What's happening here?


> +
> +int generic_file_revoke(struct file *file)
> +{
> +	int err;
> +
> +	/*
> +	 * Flush pending writes.
> +	 */
> +	err = do_fsync(file, 1);
> +	if (err)
> +		goto out;
> +
> +	/*
> +	 * Make pending reads fail.
> +	 */
> +	err = invalidate_inode_pages2(file->f_mapping);
> +
> +  out:
> +	return err;
> +}
> +
> +EXPORT_SYMBOL(generic_file_revoke);

do_fsync() is seriously suboptimal - it will run an ext3 commit. 
do_sync_file_range(...,
SYNC_FILE_RANGE_WAIT_BEFORE|SYNC_FILE_RANGE_WRITE|SYNC_FILE_RANGE_WAIT_AFTER)
will run maybe five times quicker.

But otoh, do_sync_file_range() will fail to write back the pages for a
data=journal ext3 file, I expect (oops).


Why is this code using invalidate_inode_pages2()?  That function keeps on
breaking, has ill-defined semantics and will probably change in the future.

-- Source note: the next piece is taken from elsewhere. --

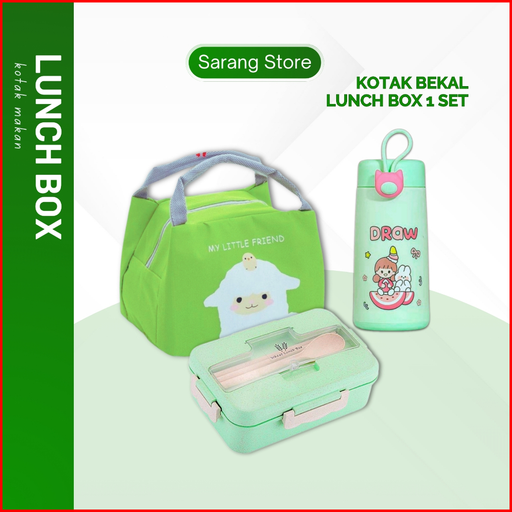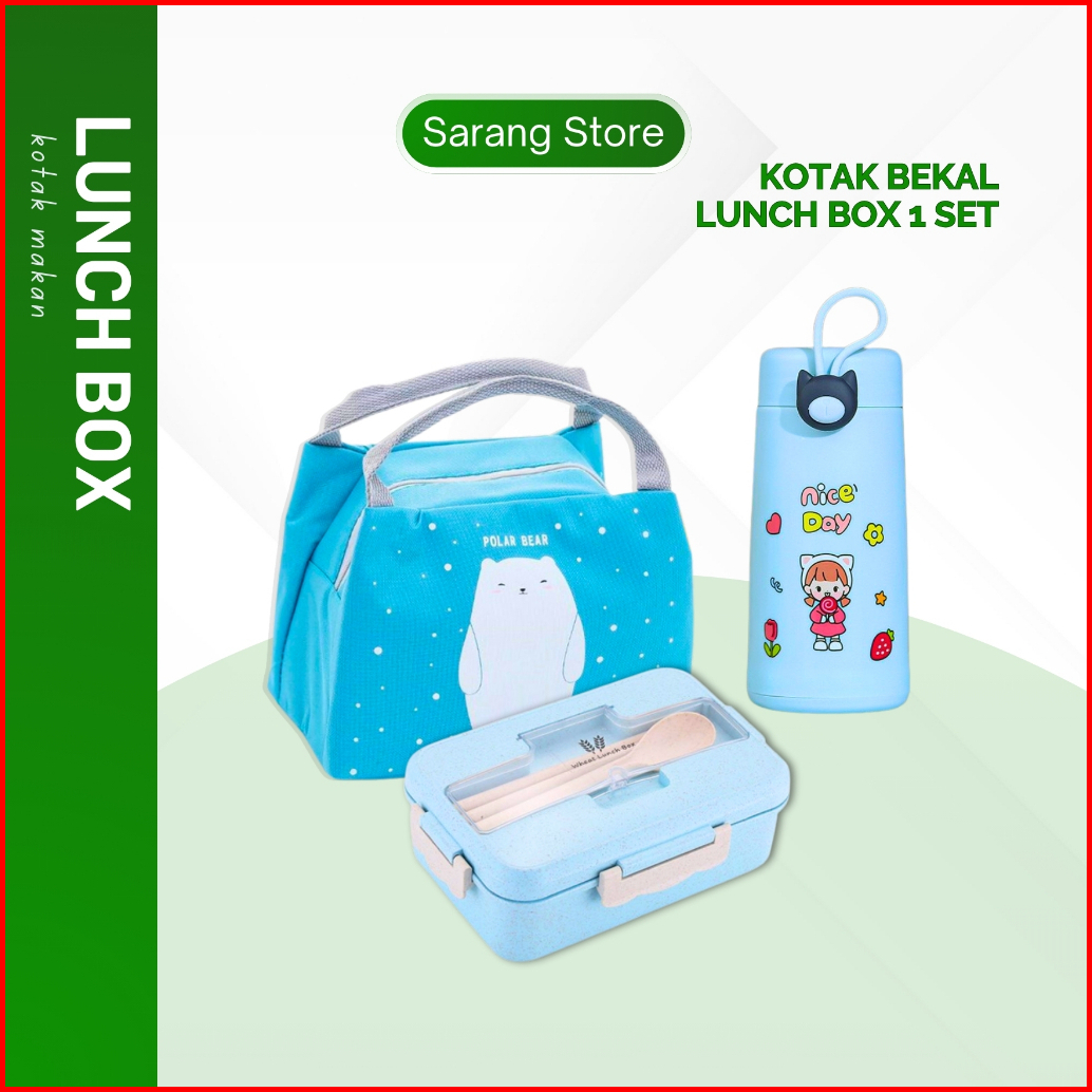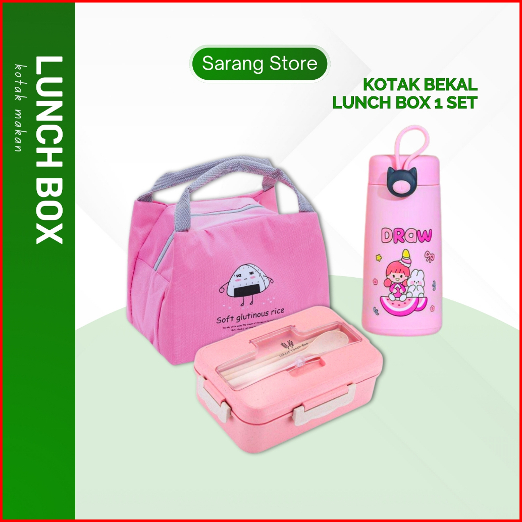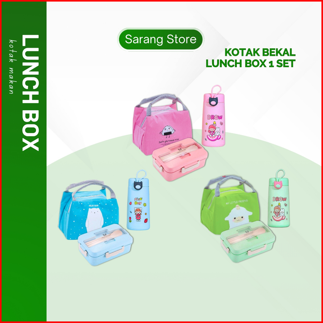 Kotak Bekal Tempat Makan Anak Sekolah Perempuan Laki Laki Lunch Box 1 Set Botol Minum Tas Karakter

Exactly what semantics are you looking for here, and why?

The blank line before the EXPORT_SYMBOL() is a waste of space.

> +/*
> + *	Filesystem for revoked files.
> + */
> +
> +static struct inode *revokefs_alloc_inode(struct super_block *sb)
> +{
> +	struct revokefs_inode_info *info;
> +
> +	info = kmem_cache_alloc(revokefs_inode_cache, GFP_NOFS);
> +	if (!info)
> +		return NULL;
> +
> +	return &info->vfs_inode;
> +}

Why GFP_NOFS?

> ===================================================================
> --- /dev/null	1970-01-01 00:00:00.000000000 +0000
> +++ uml-2.6/include/linux/revoked_fs_i.h	2007-03-11 13:09:20.000000000 +0200
> @@ -0,0 +1,20 @@
> +#ifndef _LINUX_REVOKED_FS_I_H
> +#define _LINUX_REVOKED_FS_I_H
> +
> +#define REVOKEFS_MAGIC 0x5245564B      /* REVK */

This is supposed to go into magic.h.